2012年 グルジアの労働事情

2012年12月14日 講演録

グルジア労働組合総連合GTUC
Ms.ミランダ・マンダリア、Ms.エルザ・ジェゲレナヤ

 

1. 当該国の労働情勢(全般)

 グルジアでは、2006年5月に労使関係を調整する『労働法』が採択された。これは経営者に有利なもので、経営者は労働者に対して何ら説明をしないまま解雇し、その際には1ヵ月分の給料を支払えば良いということにされている。
 この『労働法』は、時間外に対する賃金の支払いを管理することができない。
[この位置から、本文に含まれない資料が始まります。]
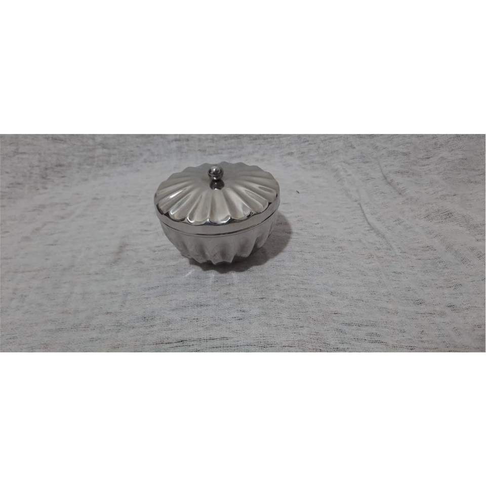 ชามเสิร์ฟสแตนเลสสตีลหรูหราพร้อมฝาปิด ภาชนะใส่ขนมและถั่ว ขัดเงาอย่างดี ภาชนะเก็บของในครัวและถาด

残業とみなされるのは、契約で別途取り決めがなされていない限り、労働時間が1週間あたり41時間以上の場合である。
 グルジアでは雇用が非常に少なく、労働者は解雇される恐怖に常にさらされているため、どんな労働条件でも受け入れてしまうことが多い。また労働現場では、週84時間労働という条件の契約も頻繁に見受けられる。
 インフォーマルセクターの問題もある。これはグルジア経済全体の陰の部分となっており、ここでは法の違反が堂々と行なわれ、税金が納められず、国全体に大きな損失をもたらしている。

2.労働組合が現在直面している課題

 最も大きな問題として挙げられるのは、労働組合に対する関与であり、労働者は何の説明もなく解雇され、経営者には解雇の理由を説明する義務がない。何故なら、『労働法』によって、経営者は解雇の理由の説明もなく、1ヵ月分の給与に相当する補償額を支払えば良いということになっているからである。
 また、この『労働法』は口頭での労働条件の通達が認められており、このような労働契約では、裁判の際に証拠を集めることなどはまったく不可能である。私たちは法律家、弁護士に対して、どのような具体的な労働基準違反があったかということを根拠づけて示すことができないのである。

3.課題解決に向けた取り組み

 われわれは、問題解決のため、労働者向けのトレーニングや労働に関する法律のセミナーを開催している。また経営者との対話を行ない、経営者に対して文書での呼びかけやストライキの通達、マスコミや世論に対する企業での労働基準違反を通知などで続けている。また、必要があれば裁判所への提訴や国のさまざまな機関に対してアプローチを行なっている。

4.ナショナルセンターと政府との関係

 グルジア政府は、わが国の『労働法』を国際的な基準に合致させるために方策を取り始めている。それにより労働における差別が削減され、真の社会的対話が発展していくことを願っている。2009年には、経営者協会、労働組合、政府の代表による三者審議会が設立された。
 しかし、労働争議などさまざまな問題を協議する三者審議会が、現実には機能していない。三者審議会は表面的な対面を取り繕うためのもので、ヨーロッパなどの国々に対してわが国でも条約の内容が守られていることを示すための張りぼてである。

5.多国籍企業の進出状況と労使紛争

 グルジアには多国籍企業の数はあまり多くない。あるとすれば、それは主に隣国との貿易を行なっている企業であるが、そのような企業に特別な法律や優遇措置は無い。このような企業で紛争がおこったという事実はほとんど確認されていない。
 グルジアは自由貿易に対して非常に積極的であり、あらゆる民族に対して寛容である。